"How are you bearing up?" I asked.


"Better than I dared hope," he said, still rubbing his eyelids. "I have the start of an excruciating headache, but now that I am out of the sunlight, perhaps it will subside." He lowered his fingers, opened his eyes, stretched his right leg out and stared grimly at the swollen flesh rising from his ankle to his knee. He'd taken his shoes off earlier, which was a good thing, as I doubt he'd have been able to pry the right shoe loose now. "I only hopethat subsides too," he muttered.


"Do you think it will?" I asked, studying the ugly bruise.


"Hopefully," he said, rubbing his lower leg gingerly. "If not, we may have to bleed it."


"You mean cut into it to let the blood out?" I asked.


"Yes," he said. "Desperate times call for desperate measures. But we will wait and see with luck it will improve of its own accord."
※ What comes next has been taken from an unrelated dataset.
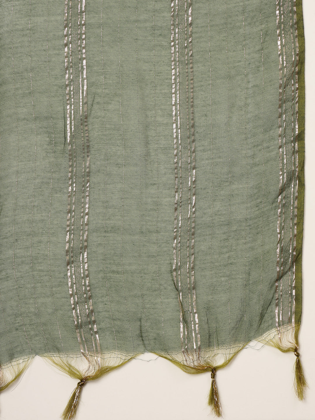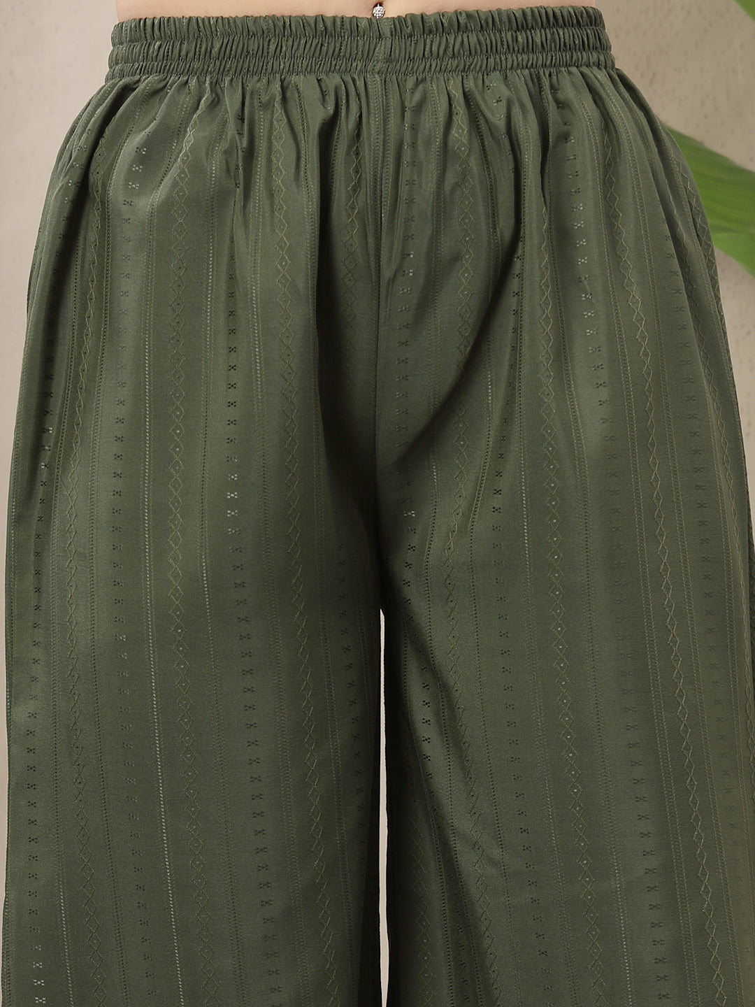 Olive woven design and embroidered cotton blend straight kurta palazzo dupatta set. Kurta has square neck with embroidery & coins on it and sleeveless. Olive self design cotton blend palazzo has fully elasticated waistband. Paired with solid rayon dupatta. Kurta Length- 45'' Inch, Palazzo Length- 38'' Inch, Dupatta Length- 2.30 Mtr.

While Mr Crepsley was tending to his ankle, I unwrapped the chains around my wrists and legs and tried picking the locks. Mr Crepsley had taught me the fundamentals of lock-picking, but I'd never quite got the knack of it.


"Here," he said after a couple of minutes, when he saw I wasn't getting anywhere.


The vampire made quick work of the locks, and seconds later the cuffs and chains were lying in heaps on the floor. I rubbed my freed flesh gratefully, then glanced at Harkat, who was using the hem of his robes to wipe green sweat from his face. "How come they didn't put handcuffs on you?" I asked.


"They did," he replied, "but they took them off … once I was inside my cell."


"Why?"


The Little Person's wide mouth split into a hideous smirk. "They didn't know what I was or … what to make of me. They asked if I was in … pain, so I said I was. They asked if the handcuffs … hurt, so I said they did. So they took them off."